Am meisten freue ich mich aber immer noch auf STALKER. Zu reizvoll wirkt das Szenario und die Versprechungen.


----------



## MICHI123 (27. Juni 2005)

Dumbi am 23.06.2005 13:50 schrieb:
			
		

> Mach der MP Beta ist *F.E.A.R.* mein absoluter Favorit.


meiner auch


----------



## King-of-Pain (27. Juni 2005)

*Hitman*    *sabber*


----------



## ich98 (27. Juni 2005)

Dumbi am 23.06.2005 21:18 schrieb:
			
		

> Danielovitch am 23.06.2005 21:16 schrieb:
> 
> 
> 
> ...



tut dich doch mit den Sims2: Nightlife-Freuern zusammen, dann seid ihr zu dritt  

@topic ich freu mich auf NFS: Most Wanted, bis dahin hab ich GTA SA ausgelutscht.


----------



## Nali_WarCow (29. Juni 2005)

Eindeutig Age 3 bei mir.


----------



## Chemenu (30. Juni 2005)

Also ich habe Stargate: The Alliance gewählt,
obwohl ich mich genauso auf F.E.A.R freue...

Aber auch Just Cause scheint ein richtiger Hammer zu werden, wenn der Spielspass auch nur annähernd an die Grafikpracht heranreicht...

Zu guter letzt noch Starship Troopers, vor allem weil das Spiel einen Coop-Modus haben wird, genauso wie Stargate....


----------



## P3-667 (2. Juli 2005)

Ich freu mich am meißten auf Gothic 3, leider dauert das noch und fehlt auf der Liste.   

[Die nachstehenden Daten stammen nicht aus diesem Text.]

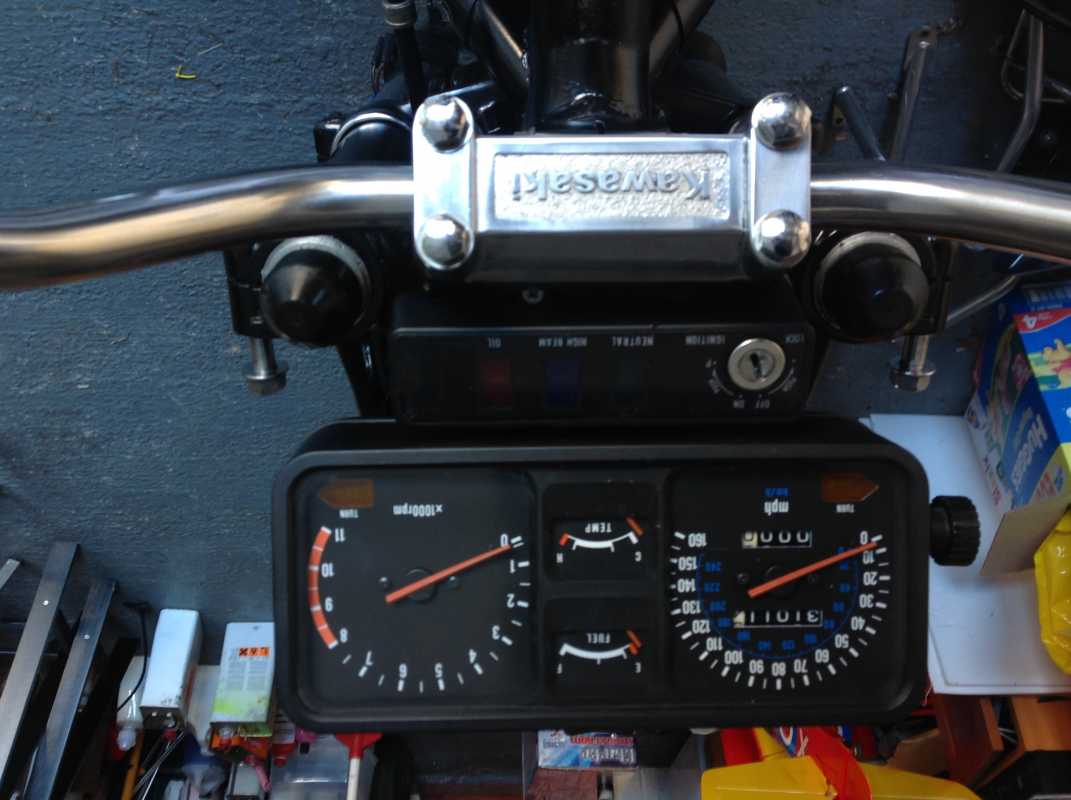 9 years 7 months agoBinnacle and warning panel back on. Bars have been polished. All connectors and wires cleaned and looking ok. The top and bottom yokes have been painted as have the headlight hangers. The head bearings seem ok so I have left them alone for now. The fork seals also seem to be ok so I will give them the benefit of the doubt- for now.

Age of Empires 3 sagt mir wieder weniger zu, da find ich Rome Total Wars viel besser, denn die Soldaten werden sich sicher nebeneinander stellen und sich die Rübe einhauen, nix von Umlaufen und etc. (eigentlich Schade).


----------



## RickSkywalker (2. Juli 2005)

Ich freue mich riesig auf Earned in Blood. Ich will unbedingt wissen wie es weitergeht! Laut Pitchford wird es schon im Oktober erscheinen, ich kanns kaum noch erwarten


----------



## TheDarkEmperor (4. Juli 2005)

Elder Scrolls: Oblivion !!!     

Als zweites komm dann Stargate .. 
und dann halt noch Fear ..-.-


----------



## Hauschi (5. Juli 2005)

Vermisse Spellforce 2 in der Liste!


----------



## mattes008 (11. Juli 2005)

Natürlich auf Age of Empires 3. Wird einfach ein endgeiles Game  ...

Mfg mattes008


----------



## stoneXX (21. Juli 2005)

lol gibts denn außer mir niemanden der sich am meisten auf World Racing 2 freut? Naja, auch egal, das Spiel wird jedenfalls der absolute Hammer. Ich verstehe nur nicht, wieso sich Need for Speed, wo die letzten drei Teile wirklich schlecht waren, immer noch besser verkauft, als ein klasse-Spiel wie World Racing. World Racing 1 fand ich schon um Längen besser als jeden Need for Speed Teil, wenn man mal von NfS Porsche absieht, was meiner Meinung nach so ziemlich das beste Rennspiel überhaupt war/ist.


----------



## lib (3. August 2005)

der pate natürlich... auch wenn es wohl kaum 2005 erscheint.


----------